-------- DATASET

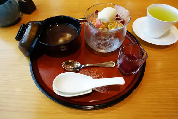 主要是溫熱的紅豆麻薯湯、配上一碗漂亮的冰品
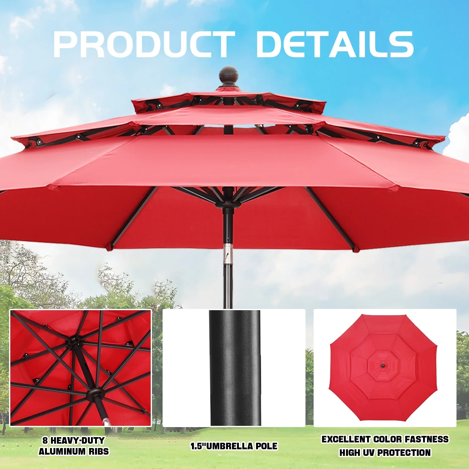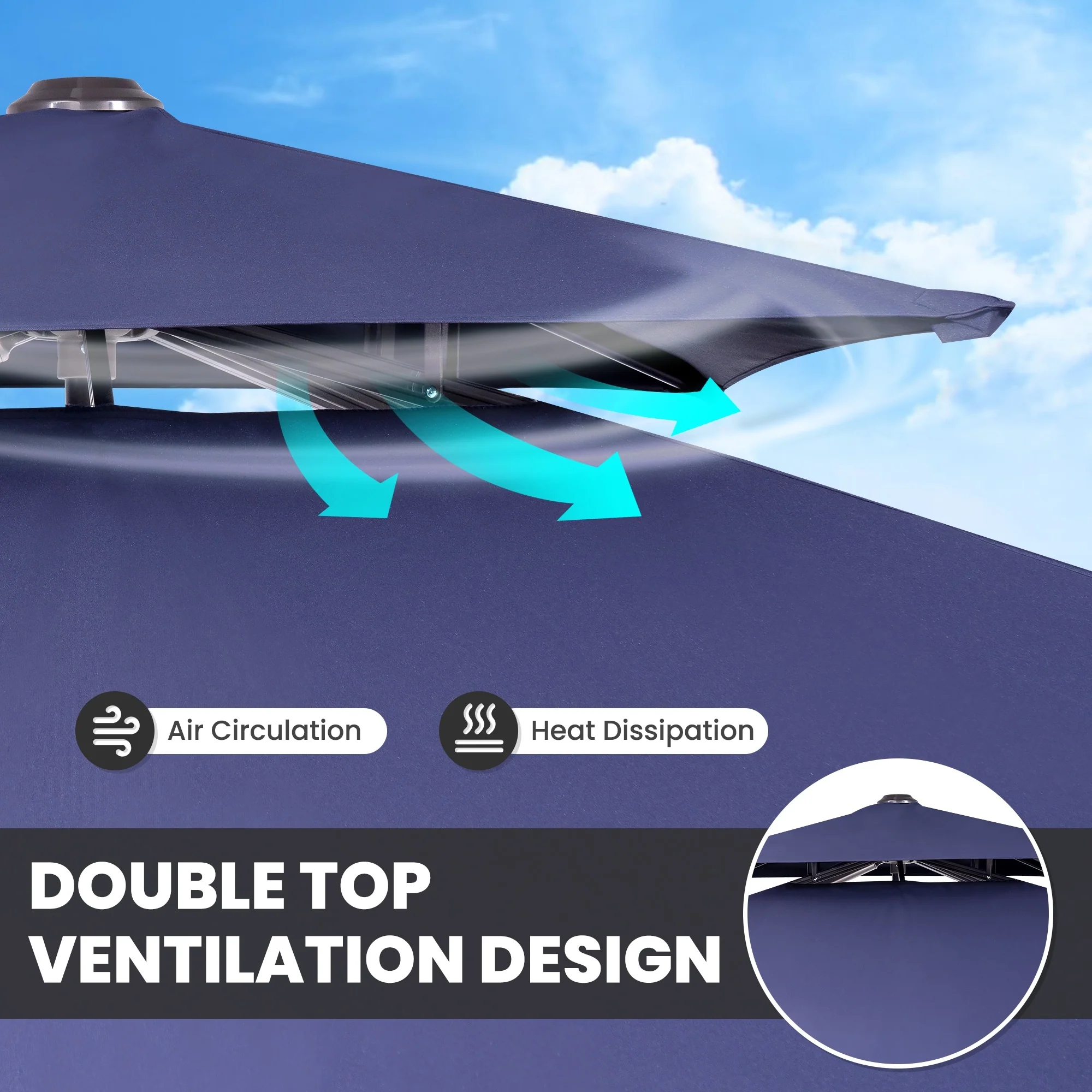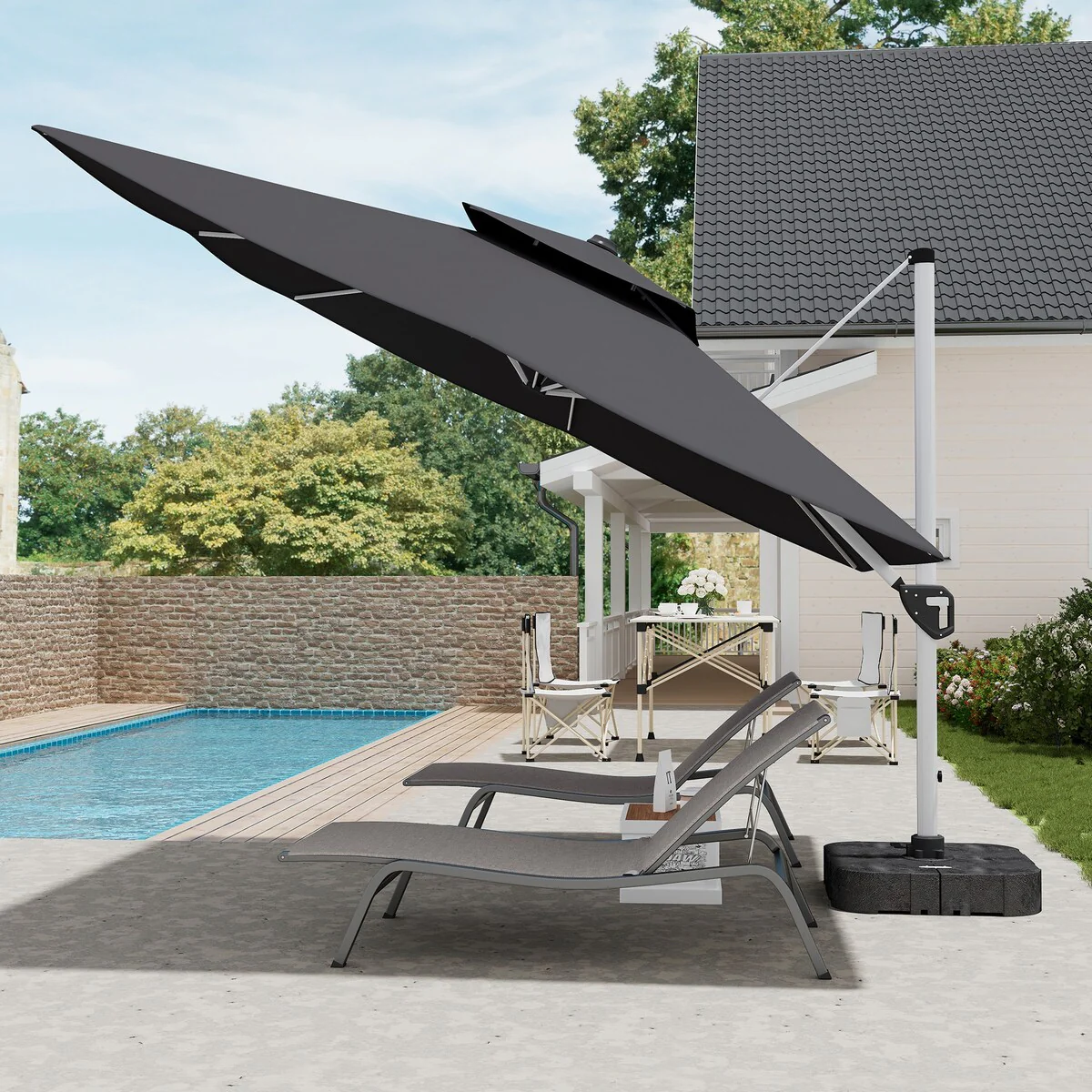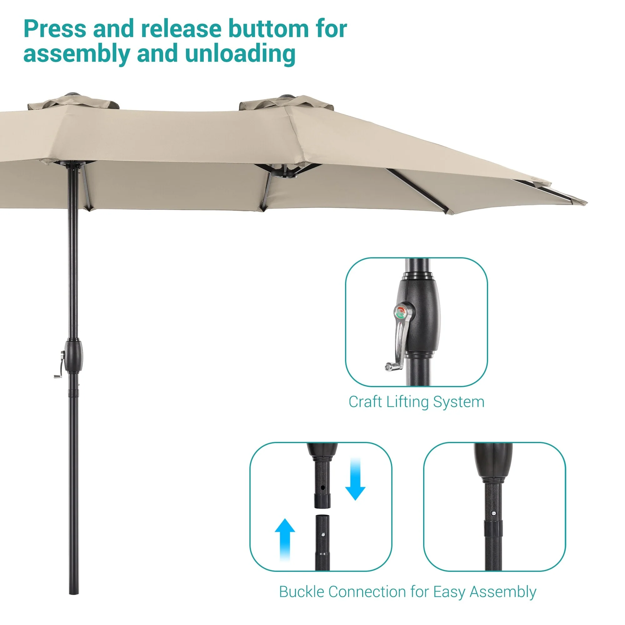 MAISON ARTS 15ft Double-Sided Patio Extra Large Twin Umbrella with Base
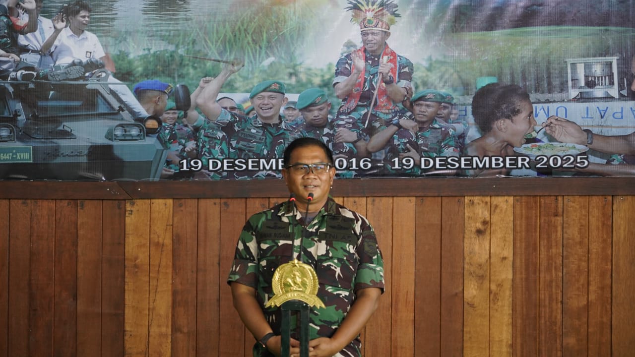 Korem 182/JO menggelar syukuran Hari Ulang Tahun (HUT) Kodam XVIII/Kasuari melalui acara makan bersama di Aula GSG Makorem 182/JO, Kampung Kiat, Distrik Fakfak, Jumat (19/12/2025). Kegiatan ini berlangsung penuh kehangatan dan kekeluargaan.
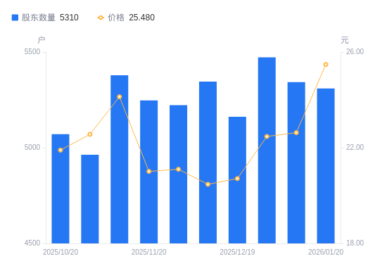 1月21日消息,数据显示,截至2026年1月20日,*ST和科A股股东总户数为5310户,较上期(2026年1月9日)减少33户,降幅0.62%。公司最新A股总股本为1亿股,其中流通A股1亿股,户均持有流通A股数量为1.88万股,较上期增加116.31股,增幅0.62%;户均持流通A股市值47.98万元,较上期增加5.63万元,增幅13.29%。
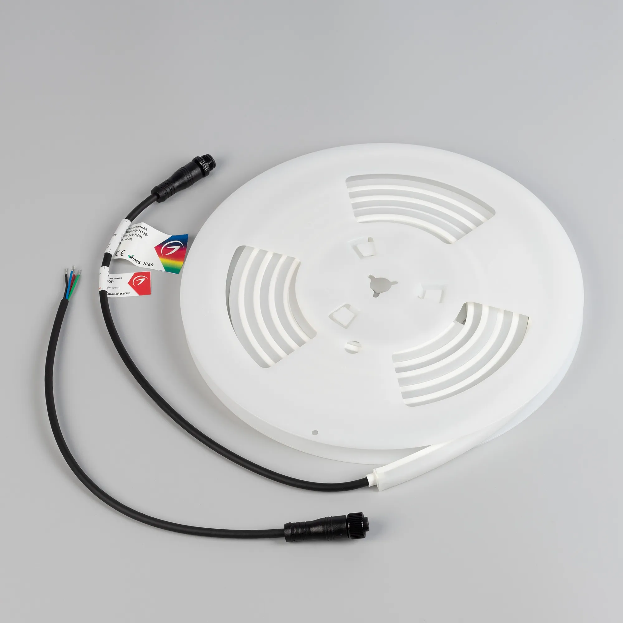 Лента герметичная WAVE-TOP-PU-H120-10x10mm 24V RGB (10 W/m, IP68, 3m, wire x1) (Arlight, Вывод боковой, 3 года)

----------------

__AIM OF THE TASK__: Nothing outside the stretch above, from the line with "Korem 182/JO menggelar" through the line with "1月21日消息,数据显示,截", is set down. Transcribe that stretch exactly, ends included, but not its pictures.

__YOUR SOLUTION__:
 Korem 182/JO menggelar syukuran Hari Ulang Tahun (HUT) Kodam XVIII/Kasuari melalui acara makan bersama di Aula GSG Makorem 182/JO, Kampung Kiat, Distrik Fakfak, Jumat (19/12/2025). Kegiatan ini berlangsung penuh kehangatan dan kekeluargaan.
 1月21日消息,数据显示,截至2026年1月20日,*ST和科A股股东总户数为5310户,较上期(2026年1月9日)减少33户,降幅0.62%。公司最新A股总股本为1亿股,其中流通A股1亿股,户均持有流通A股数量为1.88万股,较上期增加116.31股,增幅0.62%;户均持流通A股市值47.98万元,较上期增加5.63万元,增幅13.29%。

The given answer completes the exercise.